(SOURCE INFORMATION begins)
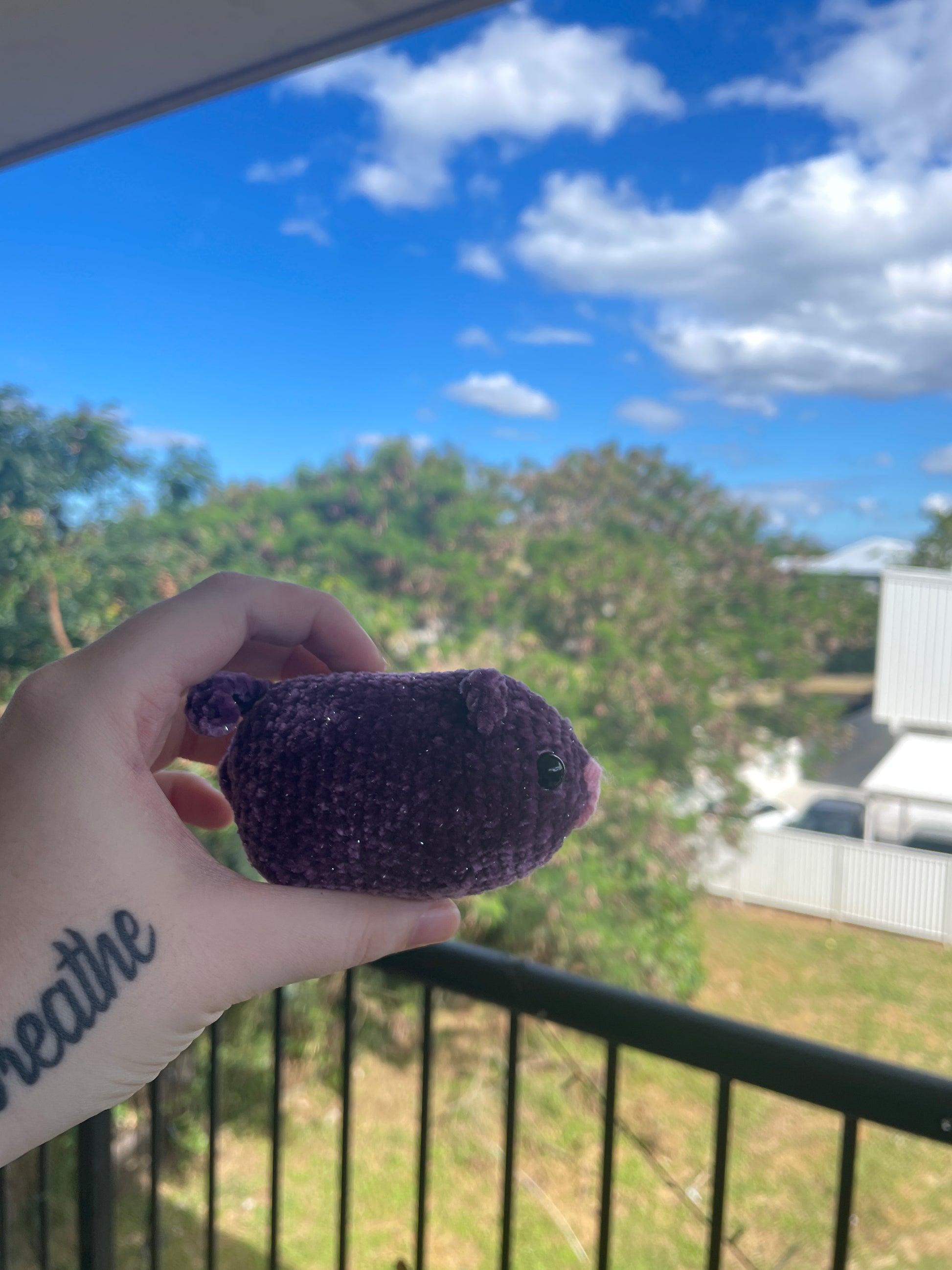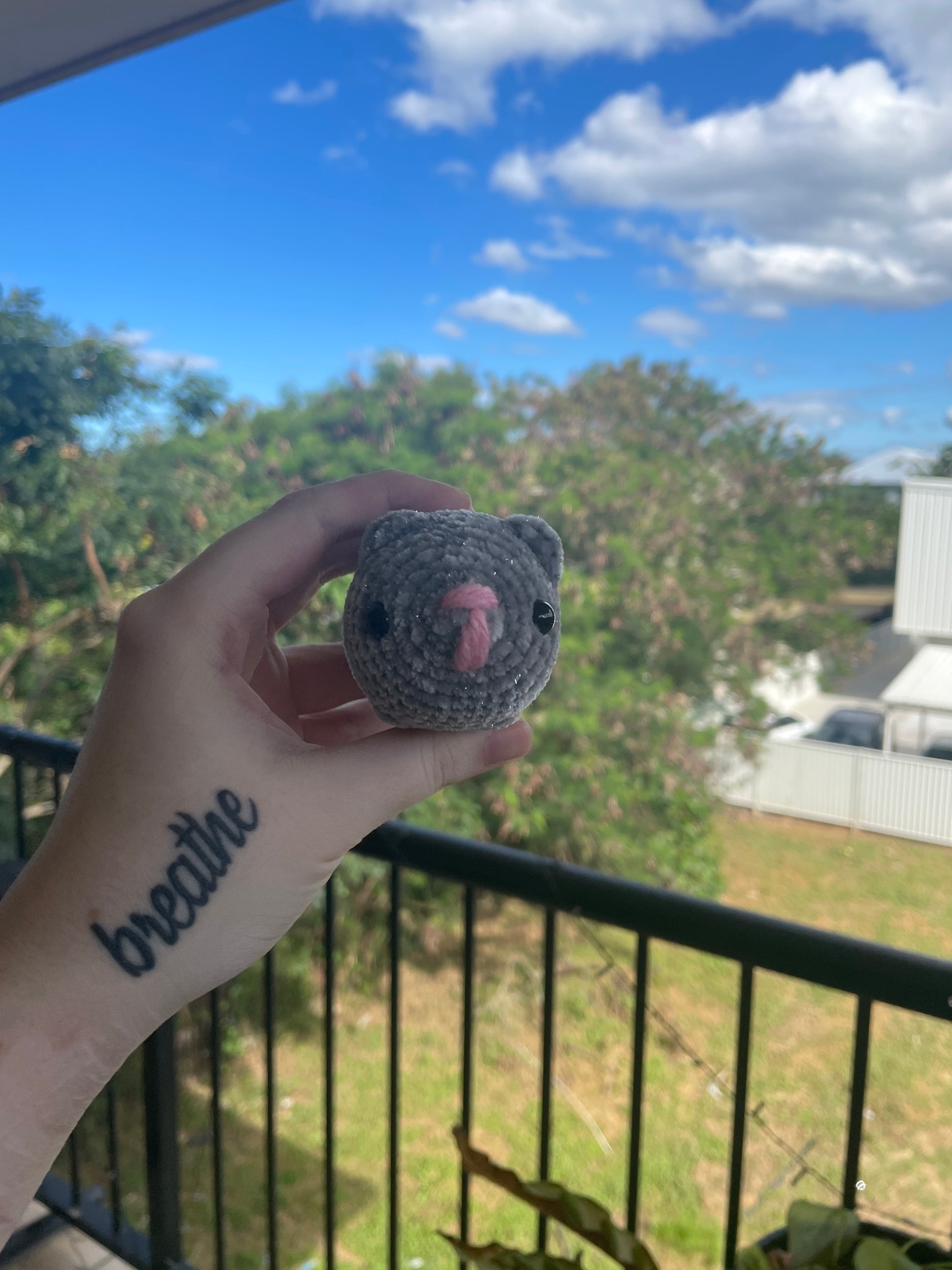 Adopt this cute crochet velvet cat! This product is a perfect gift for friends, family or even yourself! Have it as a desk buddy, or a cuddly toy for the youngsters!
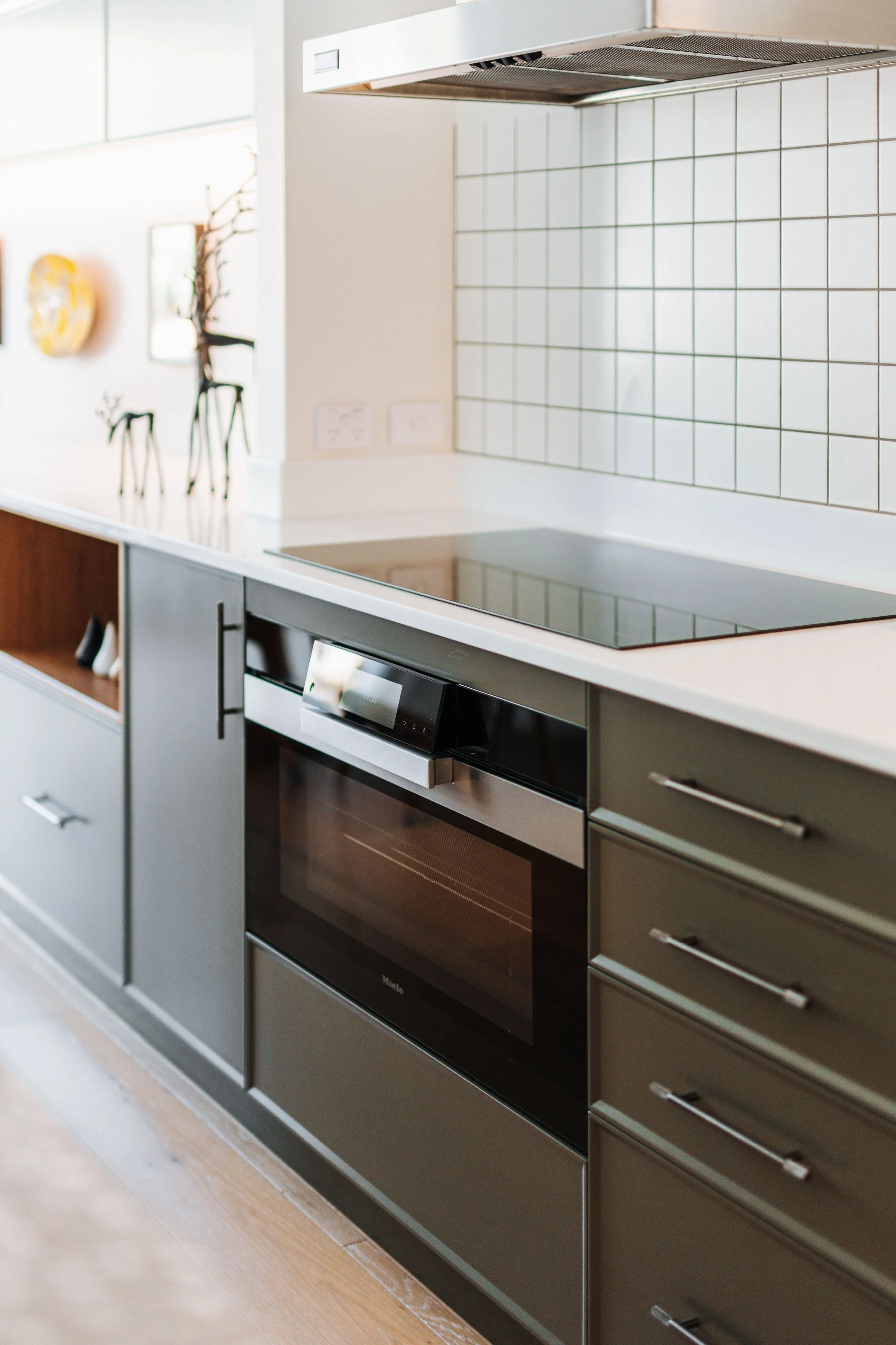Miele oven, induction cooktop, semi-integrated dishwasher, integrated fridge
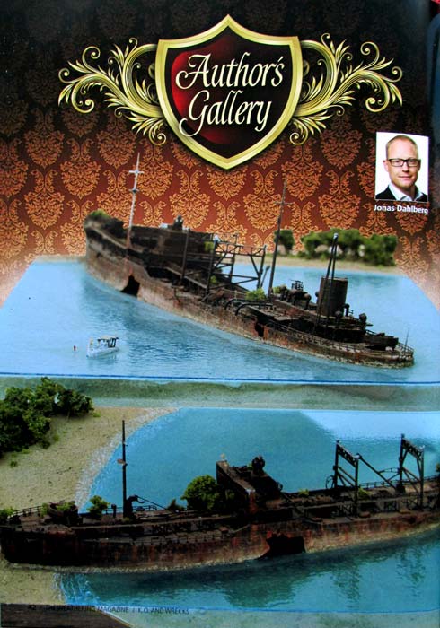 Es folgen 4 Seiten mit einem Diorama von Jonas Dahlberg, der ein halb gesunkenes Holzschoff an einer felsküste nachstellt. Das Schiff ist selber aus Holzteilen gebaut - eine umwerfende Arbeit. Und die Darstellung im Diorama mit Wasser und dem verwitterten Holz ist sensationell. Angeschlossen sind 2 Seiten mit weiteren grandiosen Dioramen von Jonas mit versunkenen Schiffen.
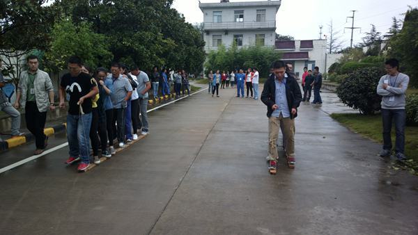 9月30日下午,舉辦的是“無(wú)軌列車”活動(dòng)。該項(xiàng)團(tuán)體活動(dòng)要求每組4男4女搭配,各組組員的兩腳必須分站在由兩塊木板制成的行走板上,協(xié)調(diào)一致前行,在比賽過(guò)程中任意隊(duì)員任意部位與地面有接觸,即被警告1次,同時(shí)在總成績(jī)上增加10秒,警告3次取消比賽資格。賽道全長(zhǎng)50米,含下坡路段,成績(jī)匯總后,以完成比賽用時(shí)最短的一組獲勝。最終,行政財(cái)務(wù)聯(lián)隊(duì)以1分48秒的成績(jī)獲得第一,工程聯(lián)隊(duì)獲得第二,洋河聯(lián)隊(duì)、污水客服聯(lián)隊(duì)并列第三。
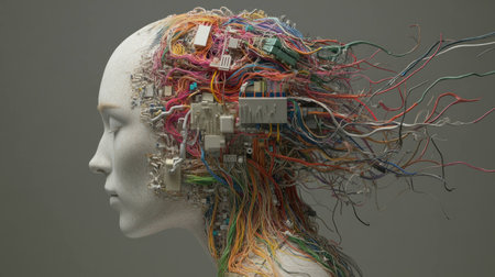 Futuristic head sculpture with colorful wires representing technology and connectivity, embodying a unique blend of art and innovation
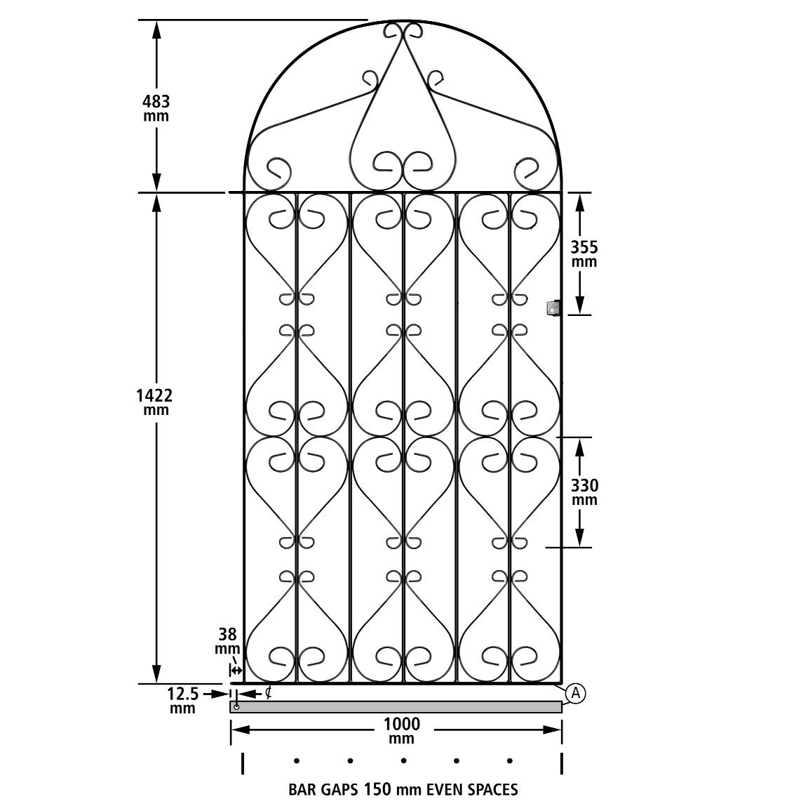Gap X 1980mm High Wrought Iron Swing Gate St30 2ft6in Stirling
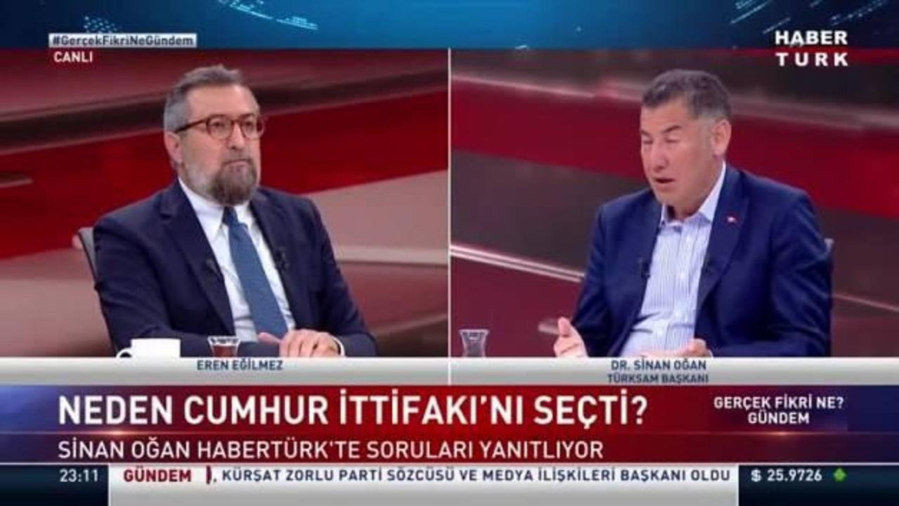 TÜRKSAM Başkanı Sinan Oğan, Habertürk ekranlarında yayınlanan 'Gerçek Fikri Ne? Gündem' programına konuk oldu. Oğan, Cumhurbaşkanlığı Seçimleri'nin ilk turu sonrasında yaşananları ve Cumhurbaşkanı Recep Tayyip Erdoğan'a neden destek verdiğini açıkladı.
(SOURCE INFORMATION ends)
▶ **WORK TO COMPLETE**
Only one stretch of the listing above is to be duplicated: the lines from the one containing "Miele oven, induction" through the one containing "Es folgen 4", both included. Copy them exactly, minus the pictures.

▶ **YOUR RESPONSE**
Miele oven, induction cooktop, semi-integrated dishwasher, integrated fridge
 Es folgen 4 Seiten mit einem Diorama von Jonas Dahlberg, der ein halb gesunkenes Holzschoff an einer felsküste nachstellt. Das Schiff ist selber aus Holzteilen gebaut - eine umwerfende Arbeit. Und die Darstellung im Diorama mit Wasser und dem verwitterten Holz ist sensationell. Angeschlossen sind 2 Seiten mit weiteren grandiosen Dioramen von Jonas mit versunkenen Schiffen.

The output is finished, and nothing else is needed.